▶ [Directions for this task]
Retype each line of the material exactly, please, skipping any picture in it.

▶ [Data]
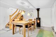 Sommerhuset har ligget her i de naturskønne omgivelser siden 1969, og senest er det blevet moderniseret i 2020. Det ses tydeligt på husets indre, der er lyst og lækkert indrettet – med behørig respekt for den oprindelige charme, så det stadig føles som et rigtigt sommerhus. Moderne faciliteter gør ferielivet bekvemt: For eksempel er der varmepumpe og wi-fi i sommerhuset, og et TV med Chromecast gør det nemt at streame film og serier. Andre ting er der dog ikke ændret på, for der er stadig brændeovn i stuen, og i den åbne køkkenafdeling skal opvasken klares i hånden på gammeldags manér. Udsigten er der selvfølgelig heller ikke ændret på, og den er fantastisk, blandt andet fra spisepladsen og stuens sofahjørne. Planløsningen byder endelig også på et badeværelse og tre soveværelser – sidstnævnte er ikke store rum, men til gengæld er dobbeltsengene af meget høj kvalitet og måler begge 140x200 cm.
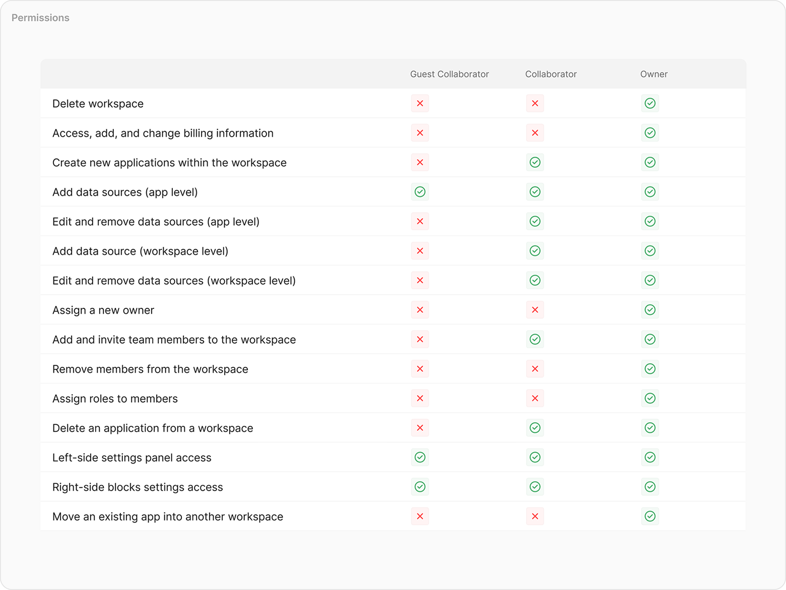 We introduced a role-based approach. Owners oversaw everything, including plans and collaborator invites. Workspace Collaborators managed projects but couldn’t alter plans. Guest Collaborators had limited access to specific apps, without full visibility into the entire workspace. By structuring access according to these roles, we reduced confusion and aligned the product with users’ mental models.
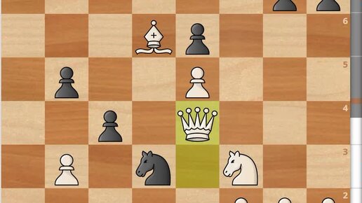 Артур Бисгвайер, играя черными, красиво побеждает Ларри Эванса на 51-м чемпионате США по шахматам в Детройте, в 1950 году. Ферзевый гамбит
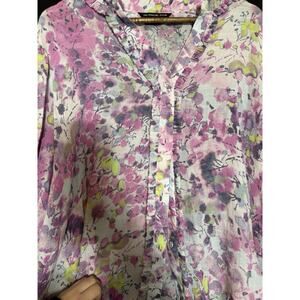Zac & Rachel Blouse Womens 2X WaterColor Floral Bell Sleeve Lightweight Fairy
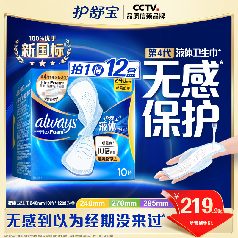 【No.1热销】护舒宝液体卫生巾箱装无感般保护日用姨妈巾官方旗舰

▶ [Your solution]
 Sommerhuset har ligget her i de naturskønne omgivelser siden 1969, og senest er det blevet moderniseret i 2020. Det ses tydeligt på husets indre, der er lyst og lækkert indrettet – med behørig respekt for den oprindelige charme, så det stadig føles som et rigtigt sommerhus. Moderne faciliteter gør ferielivet bekvemt: For eksempel er der varmepumpe og wi-fi i sommerhuset, og et TV med Chromecast gør det nemt at streame film og serier. Andre ting er der dog ikke ændret på, for der er stadig brændeovn i stuen, og i den åbne køkkenafdeling skal opvasken klares i hånden på gammeldags manér. Udsigten er der selvfølgelig heller ikke ændret på, og den er fantastisk, blandt andet fra spisepladsen og stuens sofahjørne. Planløsningen byder endelig også på et badeværelse og tre soveværelser – sidstnævnte er ikke store rum, men til gengæld er dobbeltsengene af meget høj kvalitet og måler begge 140x200 cm.
 We introduced a role-based approach. Owners oversaw everything, including plans and collaborator invites. Workspace Collaborators managed projects but couldn’t alter plans. Guest Collaborators had limited access to specific apps, without full visibility into the entire workspace. By structuring access according to these roles, we reduced confusion and aligned the product with users’ mental models.
 Артур Бисгвайер, играя черными, красиво побеждает Ларри Эванса на 51-м чемпионате США по шахматам в Детройте, в 1950 году. Ферзевый гамбит
Zac & Rachel Blouse Womens 2X WaterColor Floral Bell Sleeve Lightweight Fairy
 【No.1热销】护舒宝液体卫生巾箱装无感般保护日用姨妈巾官方旗舰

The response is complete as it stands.